La concertation mentionne la production d’une IRM réalisée le 21 janvier 2023 et d’une échographie épaule droite en date du 25 novembre 2022 qui constitue la date de la première constatation médicale de la pathologie.
La caisse n’est pas tenue de communiquer les pièces médicales permettant de justifier de la date retenue, en raison notamment du secret médical.
Toutefois, elle justifie des éléments lui ayant permis de retenir cette date, de sorte qu’aucun manquement à son obligation d’information n’est établi.
* au titre du numéro de dossier :
La société soutient que la modification du numéro de dossier (du 230615759 au 221125750) au cours de la procédure d’instruction de la maladie professionnelle déclarée par Mme [M] [Z] a induit chez l’employeur “une grande confusion”, “l’employeur pouvant légitimement se demander si l’instruction concernait toujours la rupture de la coiffe des rotateurs de l’épaule droite”.
Il convient d’une part, de relever que la modification du numéro de dossier (du 230615759 au 221125750) est intervenue au stade de la notification de la décision par la CPAM à l’employeur en date du 6 novembre 2023 et non au cours de l’instruction. A cet égard, il est encore mentionné sur la concertation médico-administrative la référence initiale du dossier soit 230615759.

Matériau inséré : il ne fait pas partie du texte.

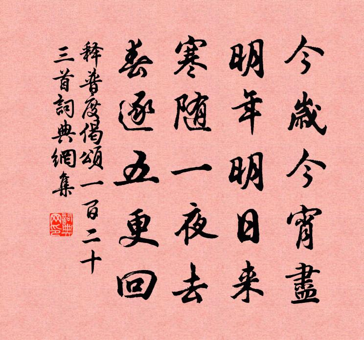 詩詞名句歷史字典書法欣賞書法字典國語詞典說文解字康熙字典古漢語字典標 題 作 者 詩 句 偈頌一百二十三首作者:釋普度 朝代:宋代偈頌一百二十三首原文今歲今宵盡,明年明日來。寒隨一夜去,春逐五更回。詩詞問答問:偈頌一百二十三首的作者是誰?答:釋普度問:偈頌一百二十三首寫於哪個朝代?答:宋代釋普度偈頌一百二十三首書法欣賞偈頌一百二十三首書法作品詩詞推薦題吳參議達觀齋袁燮〔宋代〕朱公胸次清絕塵,吳公當日心相親。風流蘊藉接前輩,寥寥斯世能幾人。達觀名齋深有意,欲把前修相警厲。只今答陳莆田投贈二首劉克莊〔宋代〕恬退已邀鷗入社,畸孤羞使鴆為媒。聞新令尹彈琴治,有遠方人負耒來。雷邑地偏難舞袖,坳堂水淺易膠杯。一枝柳枝辭十二首徐鉉〔唐代〕陌上朱門柳映花,簾鉤半卷綠陰斜。憑郎暫駐青聰馬,此是錢塘小小家。水墨松石方乾〔唐代〕三世精能舉世無,筆端狼藉見功夫。添來勢逸陰崖黑,潑處痕輕灌木枯。垂地寒雲吞大漠,過江春雨入全吳。蘭堂寒食雨三首仇遠〔宋代〕監官州牧趣修圍,里正喧呼急報飢。店舍無煙雞犬靜,山村桃李已空枝。千秋歲(生日)周紫芝〔宋代〕小春時候。晴日吳山秀。霜尚淺,梅先透。波翻醽醁盞,霧暖芙蓉繡。持壽酒。仙娥特地回雙袖。試問春多少。恩答梅聖俞大雨見寄歐陽修〔宋代〕夕雲若頹山,夜雨如洪渠。俄然見青天,焰焰升蟾蜍。◇忽陰氣生,四面如吹噓。狂雷走昏黑,驚電照夔魖。搜尋草堂寺詩陳堯咨〔宋代〕□□□跡□禪關,□殿清虛檜影間。客□□臨來此境,僧□興廢指前山。醉聞溪溜吟懷□,坐對嵐峰世慮閒。他日呈曾蒲澗提刑黃庚〔宋代〕詩自茶山後,如公世所稀。特來參活字,應肯授玄機。寒澗孤松老,秋雲獨鶴飛。台山千萬丈。望望未能歸。題李尊師松樹障子歌杜甫〔唐代〕老夫清晨梳白頭,玄都道士來相訪。握髮呼兒延入戶,手提新畫青松障。障子松林靜杳冥,憑軒忽若無丹青。陰崖范泉州輓詞二首韓元吉〔宋代〕淡墨標名早,飛騰僅石渠。學傳外家蘊,論合古人余。議本楓宸疏,評和相第書。忠言與危行,青史未應虛。湖上寓居雜詠 其七姜夔〔宋代〕布衣何用揖王公,歸向蘆根濯軟紅。自覺此心無一事,小魚跳出綠萍中。頌古五十七首釋道昌〔宋代〕舌頭不出口,三三成九九。算到香台還,彼此落人後。金陵汪元量〔宋代〕只見空城不見台,客行搔首重徘徊。風雲舊日龍南渡,宇宙新秋雁北來。三國衣冠同草莽,六朝宮殿總塵埃。交遊贈曾士倬用許廣文韻李昴英〔宋代〕里閈如君苦績文,幾年良玉困炎昆。鶚書快甚催隨計,鶴髮忻然慰倚門。袍綠光華應分有,汗青久遠要名存。江頭越王感應大士贊釋大觀〔宋代〕海山嶄絕,海濤舂撞。海風披拂,海雲飄揚。仰慧日之破暗兮誰其迷照,觀普門之不鑰兮去不至方。感應道交,叵偈頌一百零二首釋慧遠〔宋代〕電卷星馳作者知,倒施逆用猛提撕。霜華寶劍當風按,忿怒那咤斫額窺。琴王昌齡〔唐代〕孤桐秘虛鳴,樸素傳幽真。仿佛弦指外,遂見初古人。意遠風雪苦,時來江山春。高宴未終曲,誰能辨經綸。偈頌一百三十六首釋惟一〔宋代〕今朝結制,制如何結。內不放出,外不放入。壁立千仞,千仞壁立。【商調】望遠行_紫燕金鶯弄佚名〔元代〕紫燕金鶯弄也喉舌,我這裡妝點得。西園內紅英兒翠重疊。梅香你與我掩上門兒著,瘦龐兒不耐春風烈。霎時間花名句推薦迢迢牽牛星,皎皎河漢女。佚名《迢迢牽牛星》 寒泉貯、紺壺漸暖,年事對、青燈驚換了。吳文英《花犯·謝黃復庵除夜寄古梅枝》 明月樓高休獨倚。酒入愁腸,化作相思淚。范仲淹《蘇幕遮·懷舊》 吾以為古之善者則述之,今之善者則作之,欲善之益多也。墨子《墨子·46章 耕柱》 春風試手先梅蕊,頩姿冷艷明沙水。趙令畤《菩薩蠻·春風試手先梅蕊》 只有天在上,更無山與齊寇準《詠華山》 雁盡書難寄,愁多夢不成。沈如筠《閨怨二首·其一》 雁過也,正傷心,卻是舊時相識。李清照《聲聲慢·尋尋覓覓》 留連光景惜朱顏,黃昏獨倚闌。李煜《阮郎歸·呈鄭王十二弟》 鎖離愁,連綿無際,來時陌上初熏。韓縝《鳳簫吟·鎖離愁》

D’autre part, la notification de la décision le 6 novembre 2023, si elle porte une nouvelle référence de dossier, mentionne le nom de l’assurée, le NIR et surtout la pathologie à savoir “rupture de la coiffe des rotateurs de l’épaule droite” inscrite au tableau 57, précisant l’origine professionnelle des “affections périarticulaires provoquées par certains gestes et postures de travail”, de sorte qu’aucune confusion ne peut sérieusement être alléguée.
Par conséquent, la société SAS [5] sera déboutée de l’ensemble de ses demandes et la décision de prise en charge de la CPAM de [Localité 3] du 6 novembre 2023 de la maladie professionnelle “rupture de la coiffe des rotateurs de l’épaule droite” inscrite au tableau 57, déclarée par Mme [M] [Z] lui sera déclarée opposable.
Enfin la société SAS [5], succombant, sera condamnée aux dépens.
PAR CES MOTIFS
Le Tribunal, statuant après débats en audience publique, en premier ressort et par jugement contradictoire mis à disposition au greffe le 22 novembre 2024 ;
DEBOUTE la société SAS [5] de l’ensemble de ses demandes;
DECLARE opposable à la société SAS [5] la décision de la CPAM de [Localité 3] du 6 novembre 2023 de prise en charge au titre de la législation professionnelle de la maladie professionnelle déclarée par Mme [M] [Z] “rupture de la coiffe des rotateurs de l’épaule droite”;
CONDAMNE la société SAS [5] aux dépens.
Dit que tout appel de la présente décision doit, à peine de forclusion, être interjeté dans le mois de la réception de la notification de la présente décision.